_TASK INSTRUCTIONS_
Here, set down only the lines between the line that contains "信息内容在登录微信公众号 https://mp.weixin.qq.com/后右上角,点击 [ 公众号名称" and the final line of the material, both included, exactly as written. Skip the pictures.

*** Opening PROVIDED RECORDS ***

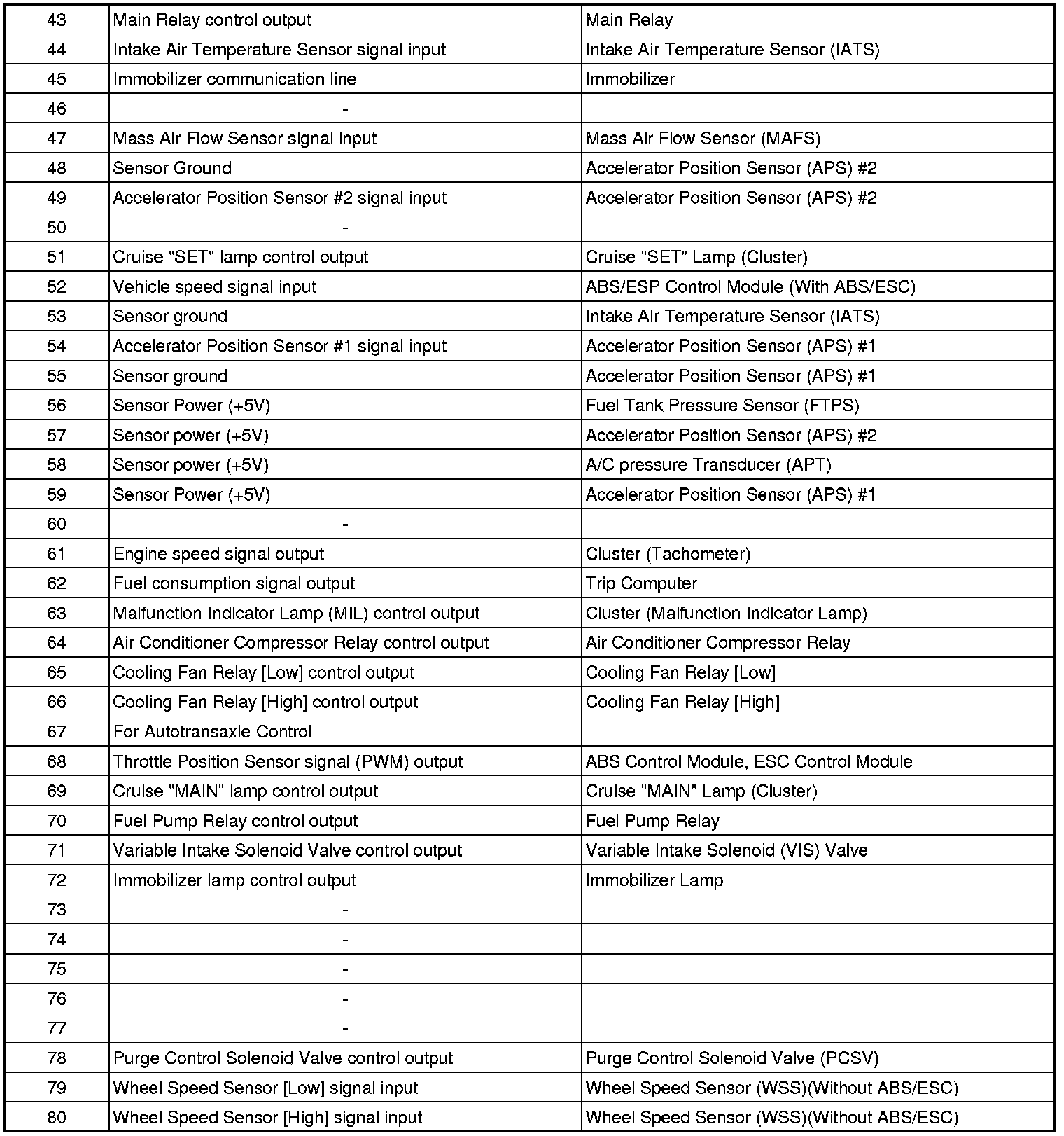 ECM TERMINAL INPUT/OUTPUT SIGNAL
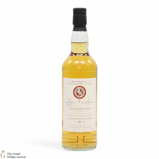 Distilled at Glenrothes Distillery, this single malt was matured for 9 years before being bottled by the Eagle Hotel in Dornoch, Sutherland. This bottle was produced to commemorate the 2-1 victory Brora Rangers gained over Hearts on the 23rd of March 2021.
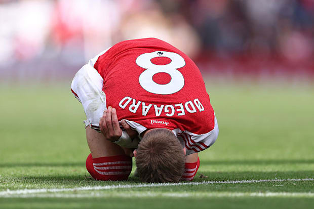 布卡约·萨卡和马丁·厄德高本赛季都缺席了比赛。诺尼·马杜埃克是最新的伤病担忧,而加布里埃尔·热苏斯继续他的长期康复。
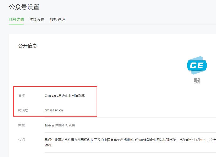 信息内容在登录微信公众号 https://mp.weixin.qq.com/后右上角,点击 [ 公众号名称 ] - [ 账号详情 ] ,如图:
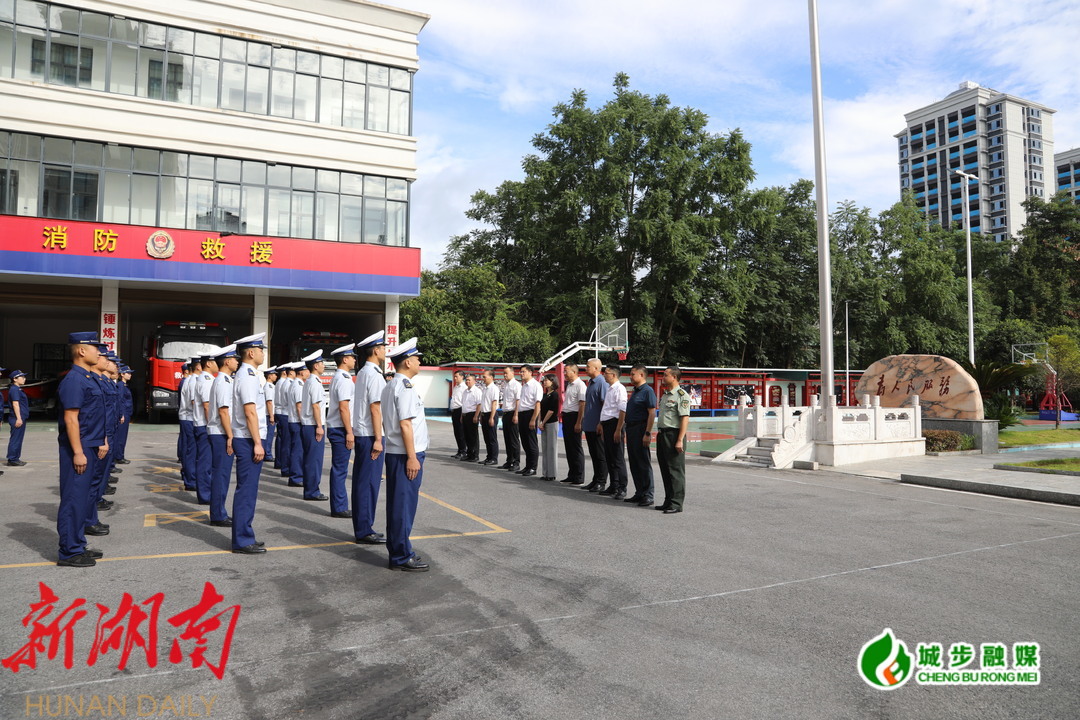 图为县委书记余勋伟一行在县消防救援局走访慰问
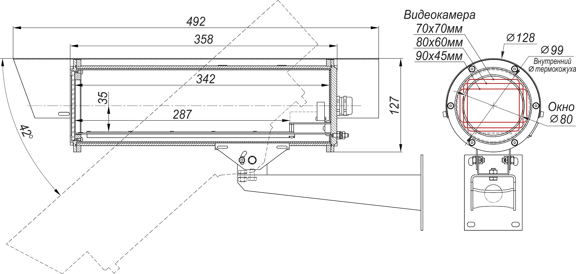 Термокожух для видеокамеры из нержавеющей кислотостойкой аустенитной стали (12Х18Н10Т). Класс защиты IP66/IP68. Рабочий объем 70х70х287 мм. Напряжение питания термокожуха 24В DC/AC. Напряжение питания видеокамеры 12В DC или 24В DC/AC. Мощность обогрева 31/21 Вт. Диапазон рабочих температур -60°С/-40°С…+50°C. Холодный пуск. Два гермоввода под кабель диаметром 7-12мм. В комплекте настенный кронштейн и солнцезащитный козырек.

*** Closing PROVIDED RECORDS ***

_TASK ANSWER_
 信息内容在登录微信公众号 https://mp.weixin.qq.com/后右上角,点击 [ 公众号名称 ] - [ 账号详情 ] ,如图:
 图为县委书记余勋伟一行在县消防救援局走访慰问
 Термокожух для видеокамеры из нержавеющей кислотостойкой аустенитной стали (12Х18Н10Т). Класс защиты IP66/IP68. Рабочий объем 70х70х287 мм. Напряжение питания термокожуха 24В DC/AC. Напряжение питания видеокамеры 12В DC или 24В DC/AC. Мощность обогрева 31/21 Вт. Диапазон рабочих температур -60°С/-40°С…+50°C. Холодный пуск. Два гермоввода под кабель диаметром 7-12мм. В комплекте настенный кронштейн и солнцезащитный козырек.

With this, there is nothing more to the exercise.